◆ **Required action**: Beginning with the line containing "In traditioneller Weise", transcribe every line exactly down to the last one in the records below, and drop the pictures.

[Saved entries]
....................
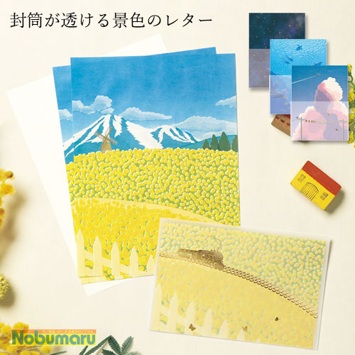 メール便 対象商品3,000円以上ご購入で送料無料/封筒が透ける景色のレター 1セット 金箔押し トレーシングペーパー 文具 雑貨 まとめ買い 包む
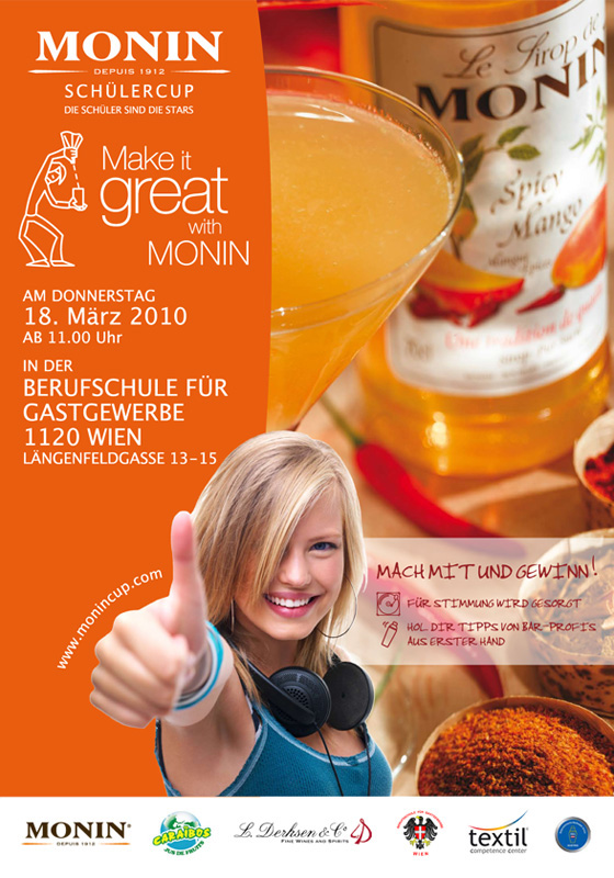 In traditioneller Weise fand der 5. Monin Schülercup in der Gewinnerschule des Vorjahres statt, in der Berufsschule für Gastgewerbe Längenfeldgasse Wien12.
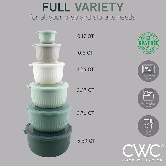 COOK WITH COLOR Prep Bowls with Lids- Wide and Deep Nesting Plastic Small Mixing Bowl Set with Lids, 12 Piece Set - Deep Bowls, Sage
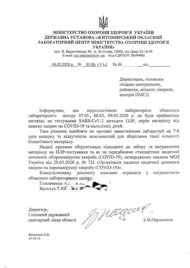 Об этом говорится в письме главного санитарного врача области Зиновия Парамонова, обнародованное Житомир.info. «Вирусологическая лаборатория областного лабораторного центра 07.05, 08.05, 09.05.2020 г. не будет принимать материал на тестирование SARS-CoV-2 методом ПЦР, кроме материала от тяжелобольных COVID-19 и малолетних детей. Такое решение принято по причине загруженности лаборатории на 7-8 дней наперед и отсутствием возможностей для хранения такого количества биологического материала», - сказано в документе.
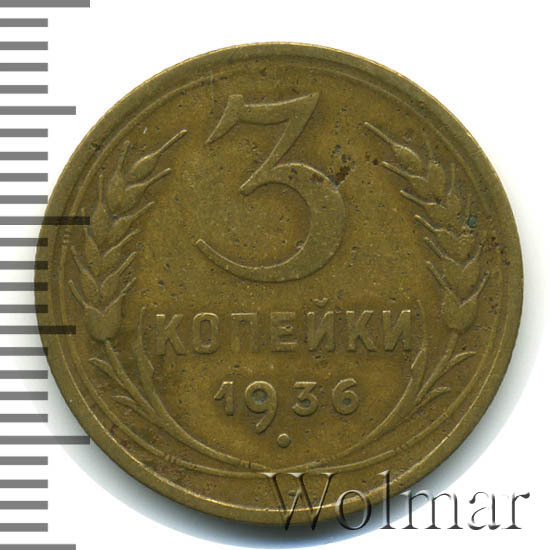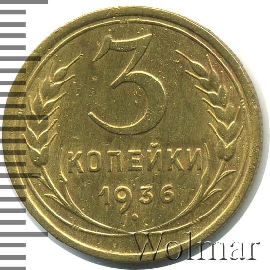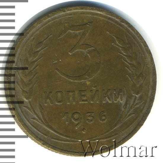 Цена на монету 3 копейки 1936 года на сегодня, 12 апреля 2026 года
....................
◆ **Worked solution**:
 In traditioneller Weise fand der 5. Monin Schülercup in der Gewinnerschule des Vorjahres statt, in der Berufsschule für Gastgewerbe Längenfeldgasse Wien12.
 COOK WITH COLOR Prep Bowls with Lids- Wide and Deep Nesting Plastic Small Mixing Bowl Set with Lids, 12 Piece Set - Deep Bowls, Sage
 Об этом говорится в письме главного санитарного врача области Зиновия Парамонова, обнародованное Житомир.info. «Вирусологическая лаборатория областного лабораторного центра 07.05, 08.05, 09.05.2020 г. не будет принимать материал на тестирование SARS-CoV-2 методом ПЦР, кроме материала от тяжелобольных COVID-19 и малолетних детей. Такое решение принято по причине загруженности лаборатории на 7-8 дней наперед и отсутствием возможностей для хранения такого количества биологического материала», - сказано в документе.
 Цена на монету 3 копейки 1936 года на сегодня, 12 апреля 2026 года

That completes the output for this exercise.